**Data extract**
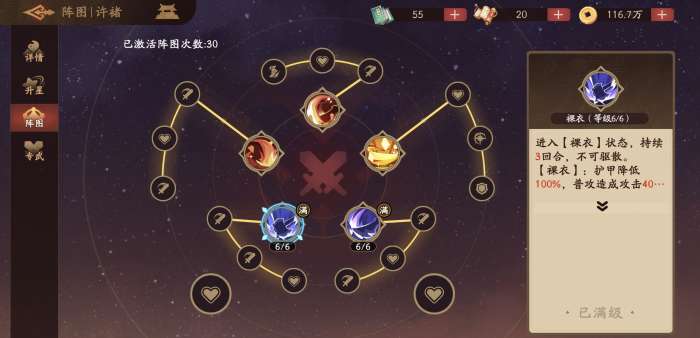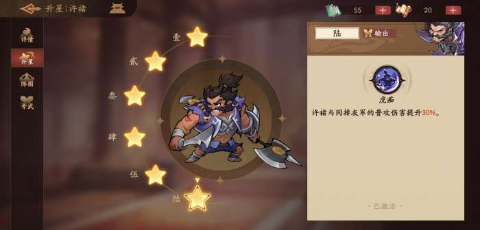 许褚属于游戏中的输出型角色,他普攻造成的伤害是风属性。必杀技开启后进入裸衣状态,三回合内不可驱散,通过降低护甲来获得更高额的普攻伤害。天赋效果是在同排友方普攻时,许褚有几率再进行一次普攻,释放必杀后自身行动提前,裸衣状态下暴击提升,达到最高星级后,许褚和同排友军的普攻伤害都获得提升。
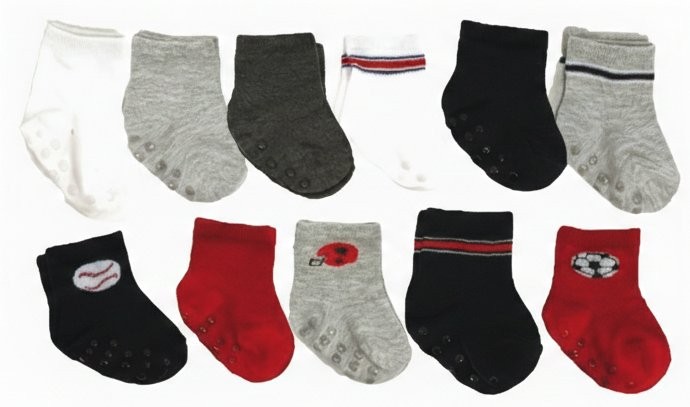 Infant crew socks with a reinforced toe. and a knitted heel. 97% Polyester, 3% Spandex. Sizes: 0-6 months, 6-12, or 12-24. Colors: Assorted Boy or Girl. 11 pair pack.
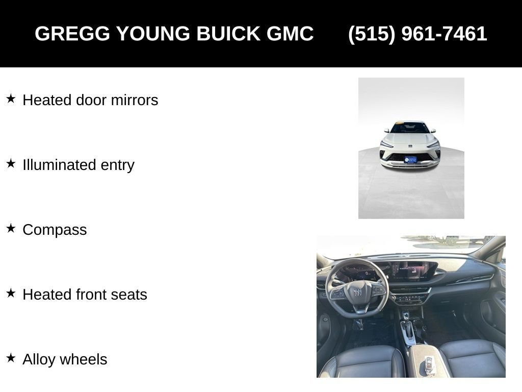 Dynamically designed, our **Accident Free**2025**Buick**Envista**Wireless Apple CarPlay/Wireless Android Auto** brings advanced technology to today's adventures in Summit White! Motivated by a TurboCharged 1.2 Liter 3 Cylinder serving up 137hp to a 6 Speed Automatic transmission for energetic efficiency. A carefully engineered suspension unlocks confident cornering, and this Front Wheel Drive SUV returns nearly 32mpg on the highway. Our Envista's sleek profile sets a high bar for style with LED lighting, black wheels, gloss-black mirror caps, matching bodyside trim, and a hidden exhaust outlet.
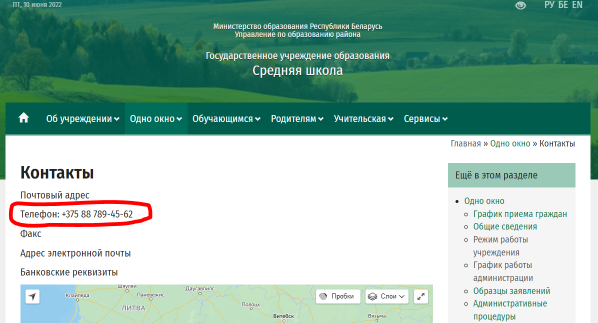 Если посмотреть карту сайта, то на области телефона скорее всего будут клики. На сайте PR-CY не предусмотрен телефон, поэтому приведем пример из выдачи Яндекса:

**What the exercise asks**
Nothing but the pictures may be dropped; restate the material word for word.

**Output for this task**
 许褚属于游戏中的输出型角色,他普攻造成的伤害是风属性。必杀技开启后进入裸衣状态,三回合内不可驱散,通过降低护甲来获得更高额的普攻伤害。天赋效果是在同排友方普攻时,许褚有几率再进行一次普攻,释放必杀后自身行动提前,裸衣状态下暴击提升,达到最高星级后,许褚和同排友军的普攻伤害都获得提升。
 Infant crew socks with a reinforced toe. and a knitted heel. 97% Polyester, 3% Spandex. Sizes: 0-6 months, 6-12, or 12-24. Colors: Assorted Boy or Girl. 11 pair pack.
 Dynamically designed, our **Accident Free**2025**Buick**Envista**Wireless Apple CarPlay/Wireless Android Auto** brings advanced technology to today's adventures in Summit White! Motivated by a TurboCharged 1.2 Liter 3 Cylinder serving up 137hp to a 6 Speed Automatic transmission for energetic efficiency. A carefully engineered suspension unlocks confident cornering, and this Front Wheel Drive SUV returns nearly 32mpg on the highway. Our Envista's sleek profile sets a high bar for style with LED lighting, black wheels, gloss-black mirror caps, matching bodyside trim, and a hidden exhaust outlet.
 Если посмотреть карту сайта, то на области телефона скорее всего будут клики. На сайте PR-CY не предусмотрен телефон, поэтому приведем пример из выдачи Яндекса:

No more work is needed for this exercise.